THE DATA ▸
——

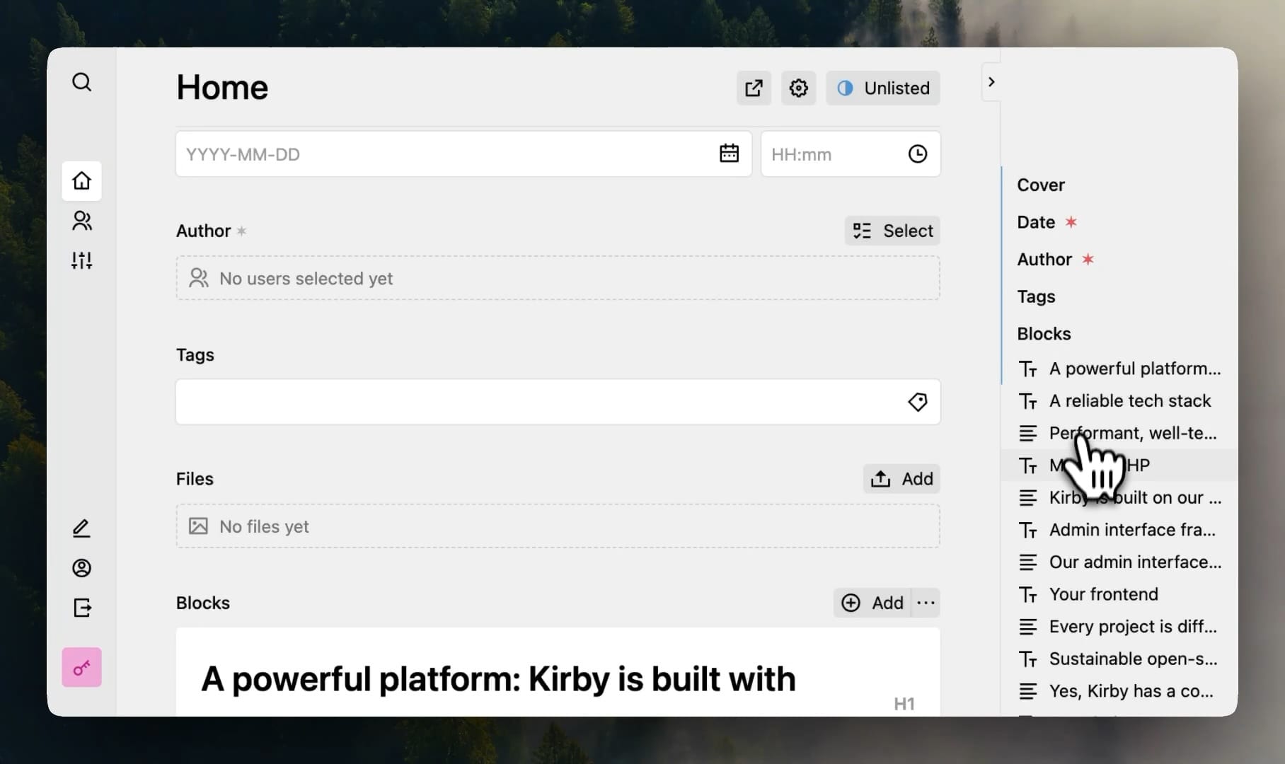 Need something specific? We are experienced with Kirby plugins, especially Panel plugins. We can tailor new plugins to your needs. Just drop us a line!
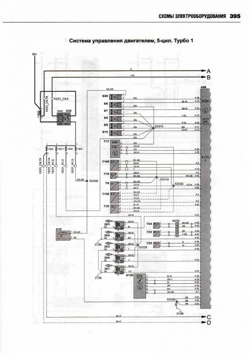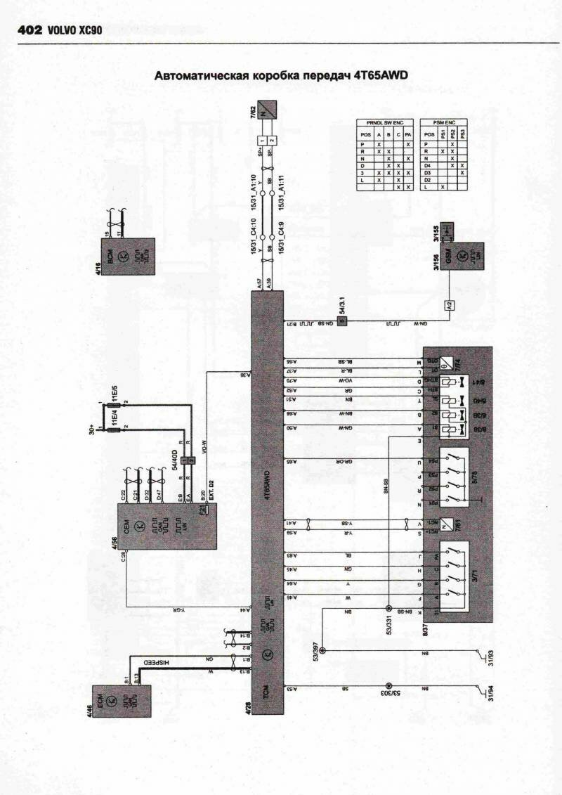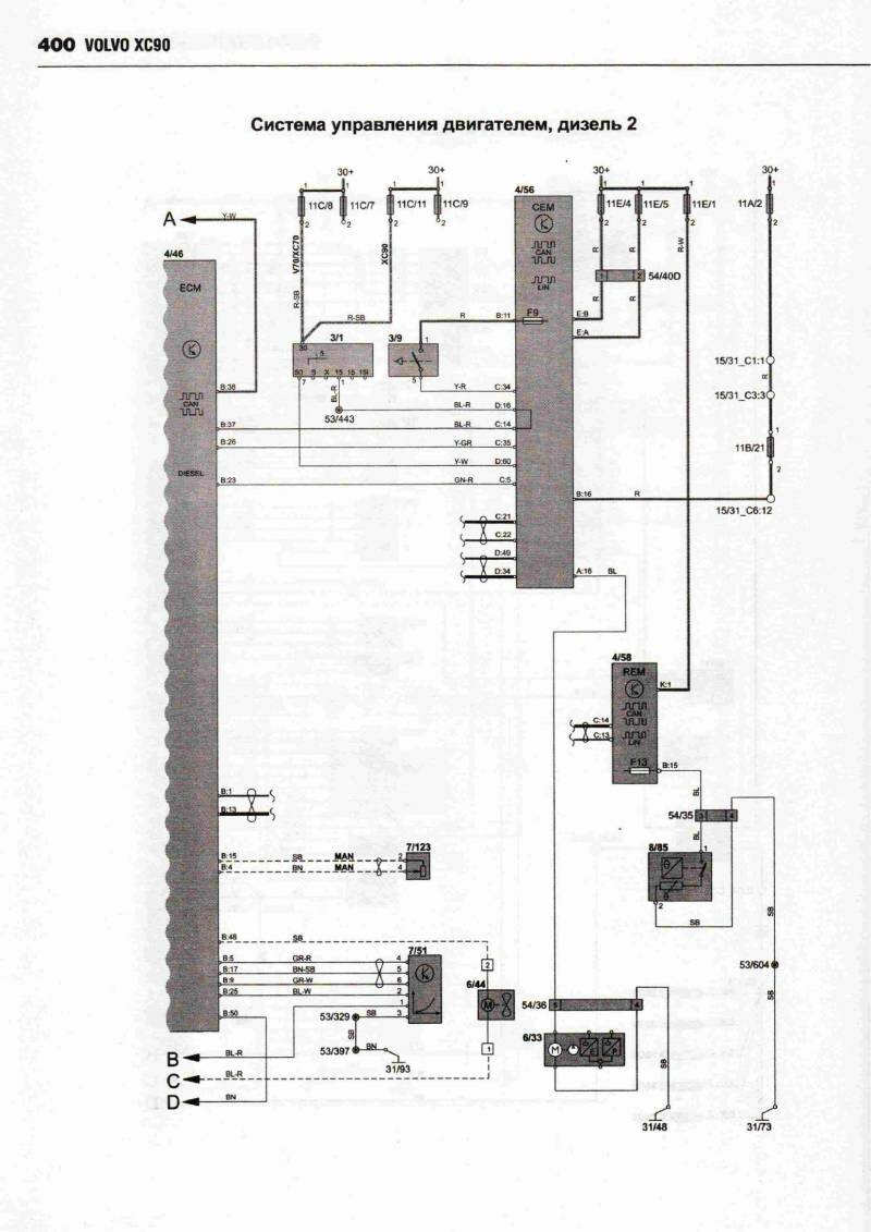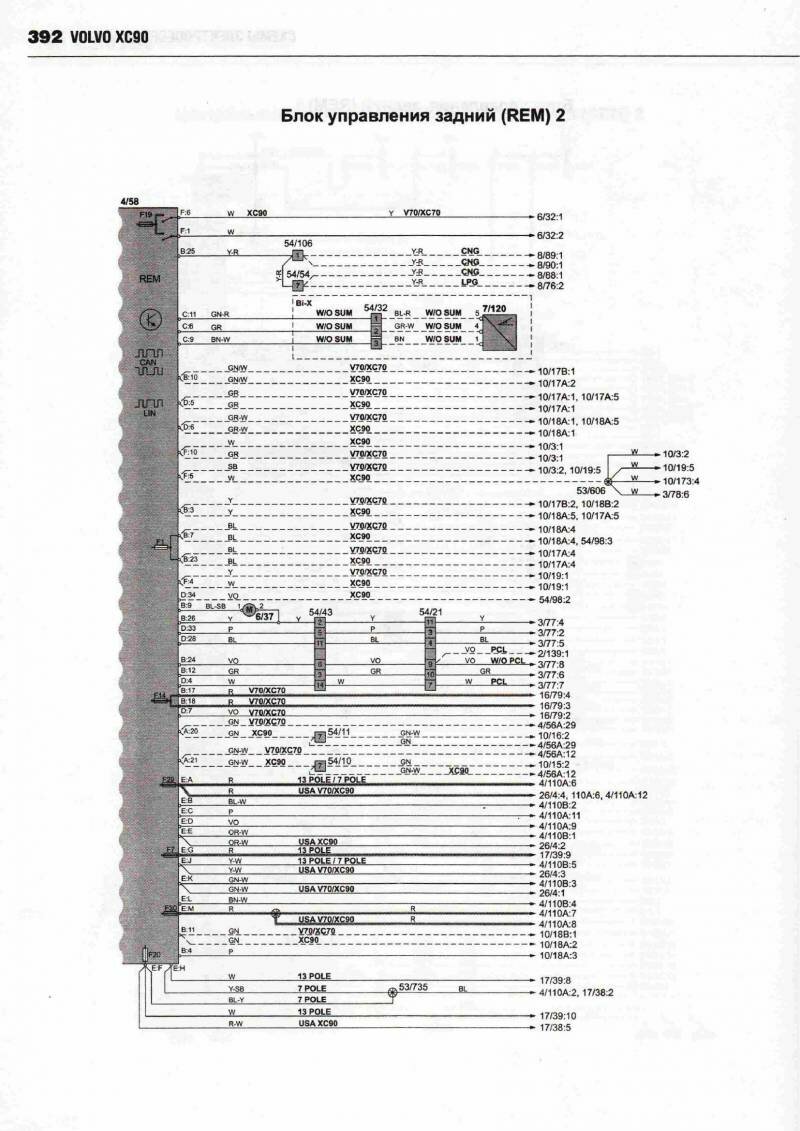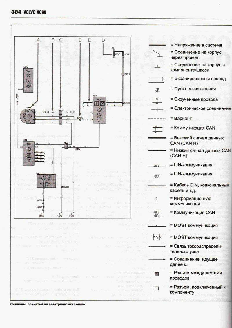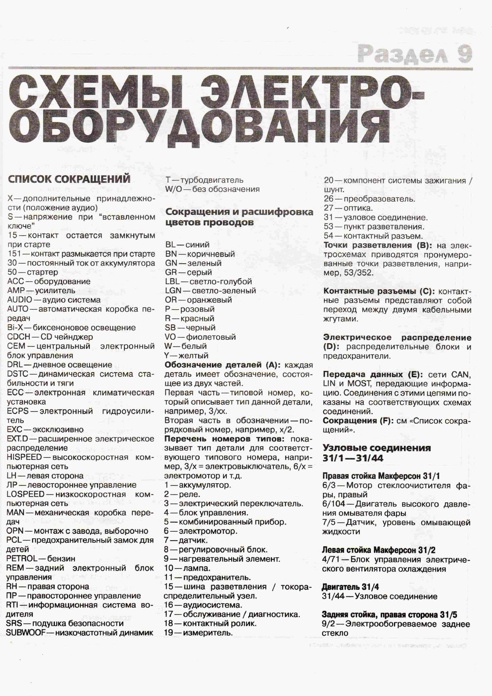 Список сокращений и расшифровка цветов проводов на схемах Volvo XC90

——

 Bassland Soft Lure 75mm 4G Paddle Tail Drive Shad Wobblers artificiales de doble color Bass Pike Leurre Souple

——

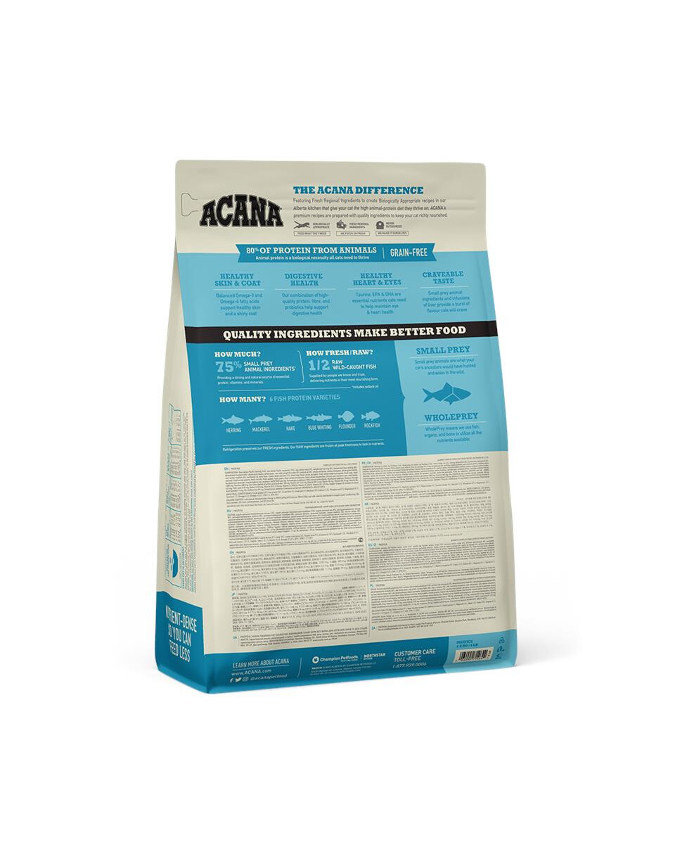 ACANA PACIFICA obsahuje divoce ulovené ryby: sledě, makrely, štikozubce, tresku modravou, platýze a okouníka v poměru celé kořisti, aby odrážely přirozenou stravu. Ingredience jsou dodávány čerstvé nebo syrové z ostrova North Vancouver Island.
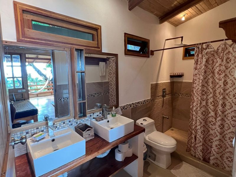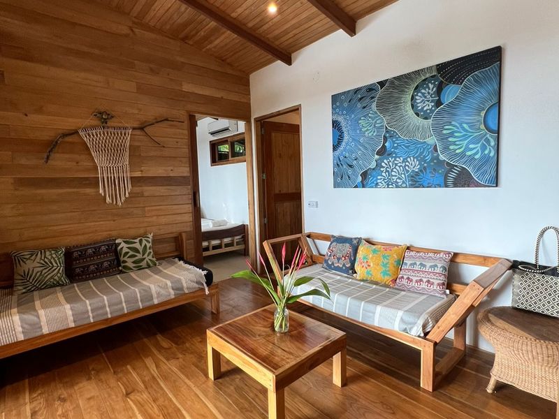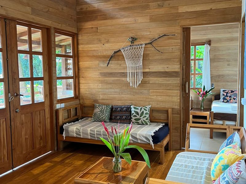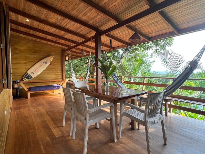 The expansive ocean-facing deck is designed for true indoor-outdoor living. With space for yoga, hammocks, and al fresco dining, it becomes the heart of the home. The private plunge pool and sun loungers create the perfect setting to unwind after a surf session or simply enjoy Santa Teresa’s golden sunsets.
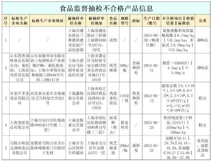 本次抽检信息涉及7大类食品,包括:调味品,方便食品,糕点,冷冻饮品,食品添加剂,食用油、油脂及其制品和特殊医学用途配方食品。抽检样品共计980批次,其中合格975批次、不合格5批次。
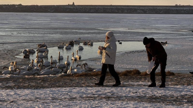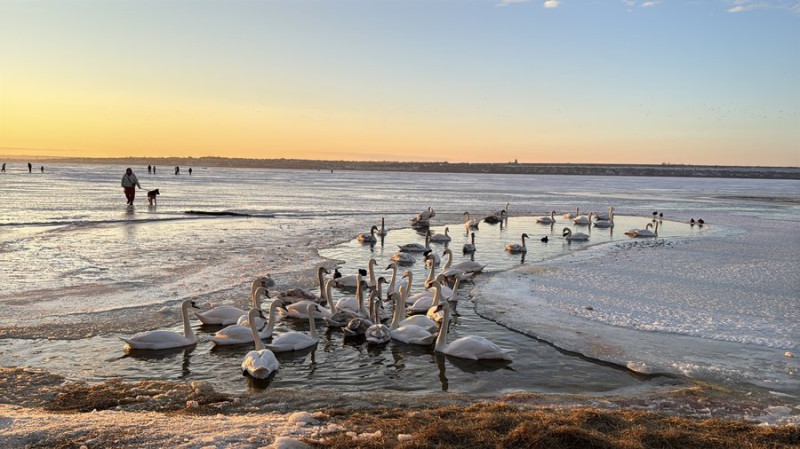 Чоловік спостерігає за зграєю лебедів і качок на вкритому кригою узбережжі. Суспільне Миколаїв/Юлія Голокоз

——

ASSIGNMENT ▸
Where a picture appears in the records above, omit it, and transcribe exactly the stretch of lines from the one with "Need something specific?" through the one with "Список сокращений и".

OUTPUT ▸
 Need something specific? We are experienced with Kirby plugins, especially Panel plugins. We can tailor new plugins to your needs. Just drop us a line!
 Список сокращений и расшифровка цветов проводов на схемах Volvo XC90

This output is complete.